Tritogenia talana, Nxele & Plisko & Ramongalo, 2018

Tritogenia talana sp.n.

( Figure 1 View FIGURE 1 )

Locality and material. Botswana, Tuli Block region, Talana Farms , Limpopo River edge, 22°14'13.7''S; 29°00'43.8''E, 359 m asl, 05.ii.2016, T. Nxele, B. Ramongalo & N. Serameng leg. GoogleMaps

Holotype. Clitellate, NMSA / OLIG.06946.

Paratypes. 1 clitellate, NMSA / OLIG.06726a; 1 clitellate, NMSA / OLIG.06943a.

Additional material. 1 juvenile, NMSA/OLIG.06726b, 1 juvenile, NMSA/OLIG.06943b.

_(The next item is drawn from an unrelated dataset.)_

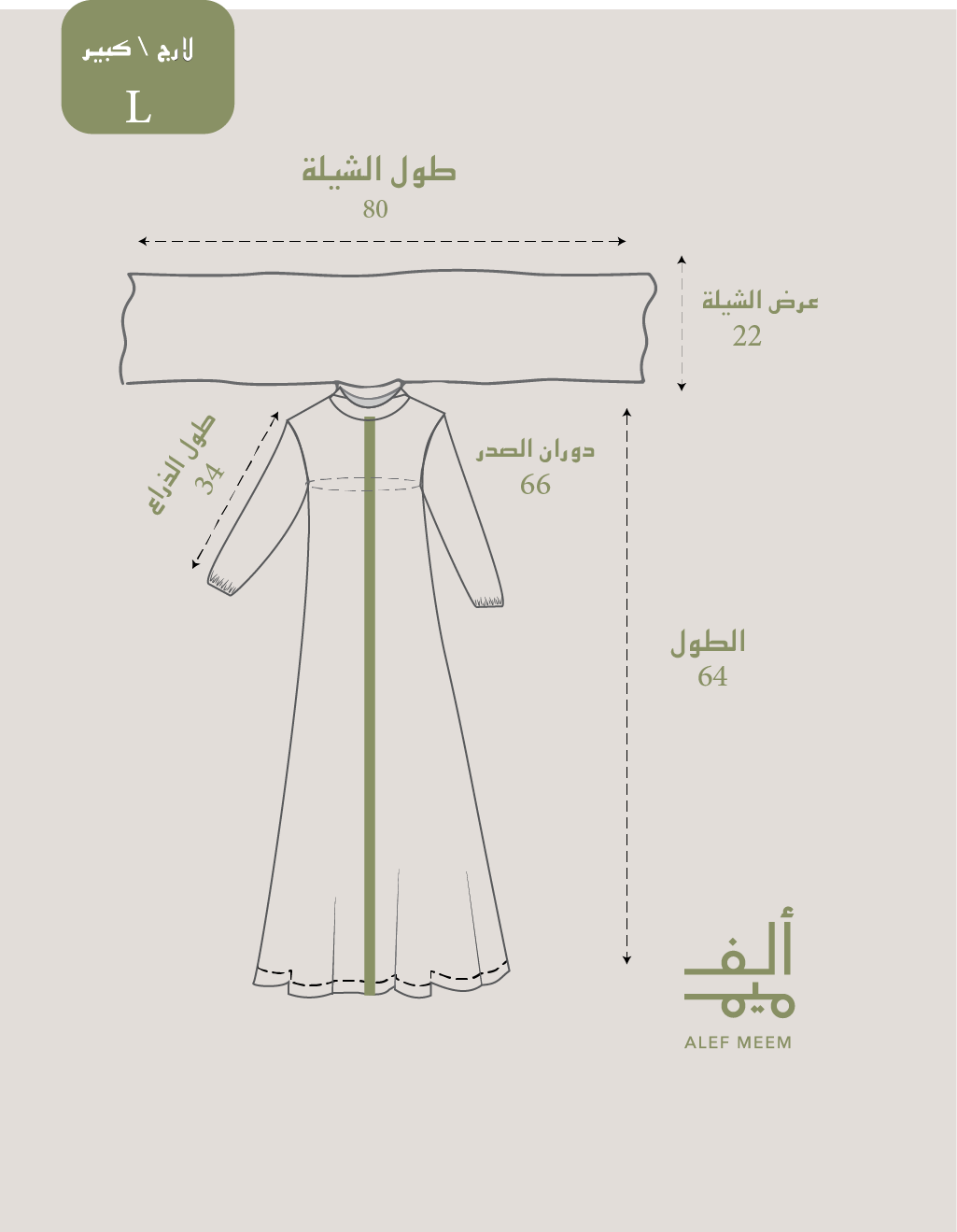 Stand upright and measure from the midpoint of your shoulder straight down over fullest part of your body. Measure to the floor inches. Add 3-5 inches for more coverage while praying. Choose the length accordingly.

Description. External. Holotype: body length 52 mm, width 4 mm at tubercula pubertatis; segment number 102. Paratypes: 50–60 mm in length, width 3–4 mm, segment number 107–110. Colour whitish grey. Prostomium prolobous. Preclitellar segments with secondary annulations: segment 1–3 simple, 1–2 with small horizontal grooves, segment 4–8 with two ringlets of similar size, 9–10 with second ringlet smaller, from 11 and in postclitellar segments simple and randomly annulated. Setae aa> ab = cd <bc, all minute, clearly visible on segments near tubercula pubertatis, difficult to locate on preclitella segments. Male pores not observed. Female pores minute on anterior part of segment 14. Spermathecal pore not observed. Clitellum saddle-shaped on 12,13–24,25. Tubercula pubertatis on 18,19–20,21 (figure 1). Genital papillae absent.

Internal. Septa 4/5 slightly thickened; 5/6–8/9 strongly thickened; other septa thin. Gizzard well developed in 6–7 with septum 6/7 attached. Calciferous glands in 9, large, fused dorsally. Intestinal origin in 12. Typhlosole begins in 20, V-shaped which enlarges into U-shaped. Dorsal blood vessel double in the anterior segments; hearts in 9 and 10; simple in the posterior segments. Nephridia meroic, single duct with coiled loops at the end, two pairs per segment. Proandric. Seminal vesicles lacking. Spermathecae not observed, possibly embedded deep in muscular tissue.

Etymology. Named after Talana Farms, the type locality. Noun in apposition.

Remarks. This species is most similar to T. debbieae Plisko, 2003 in body length (50–60 mm), typhlosole (starting as V-shaped) and calciferous glands (not separated dorsally). The new species differs in the extension of the clitellum (12,13–24,25 vs. 13–23) and in thicker septa (4/5–8/9 thickened vs. 4/5–7/8 and all other septa in preclitellar segments thin). Tritogenia talana sp. n. is clearly different from all other Tritogenia species by its lack of seminal vesicles.

The earthworm fauna of Botswana is currently unknown. Our recent collection resulted in the discovery of an indigenous Tritogenia species new to science. This species was collected in the south-eastern part, the Tuli Block. The northern region was also investigated but no Tritogenia species were found. The collection of T. talana sp. nov. provides new knowledge on the distribution of Tritogenia as it was assumed that possibly the northern boundary for South African species is the Limpopo River ( Plisko 2012). There is a possibility that some species may occur in Mozambique and Zimbabwe along the Limpopo River.

The reproductive organs of T. talana sp. n. show some level of degeneration. Most conspicuous is the lack of seminal vesicles, unusual in this genus: all other known species of Tritogenia have variably sized seminal vesicles in two segments. Other afrotropical earthworm species that lack seminal vesicles are found in Madagascar and belong to the family Kynotidae ( Razafindrakoto et al. 2011; Csuzdi et al. 2012). Furthermore, spermathecae were not observed in holotype and paratypes and may be absent as well, or they were deeply embedded in muscle tissue. As noted by Nxele (2014), spermathecae are difficult to observe in Tritogenia , especially when embedded in tissue and without sperm, so the possibility remains that they have been overlooked. Finally, this is the first proandric species in this genus, the pair of funnels is small. The reduction in reproductive organs suggests parthenogenesis although more data is needed to validate this. Hermaphrodite species may reproduce parthenogenetically. For example, Amynthas catenus Tsai et al., 2001 was found to reproduce parthenogenetically ( Shen et al. 2011), based on the study of reproductive organs and DNA ploidy levels. More qualitative collection campaigns in the country may reveal new earthworm species and confirm these suppositions.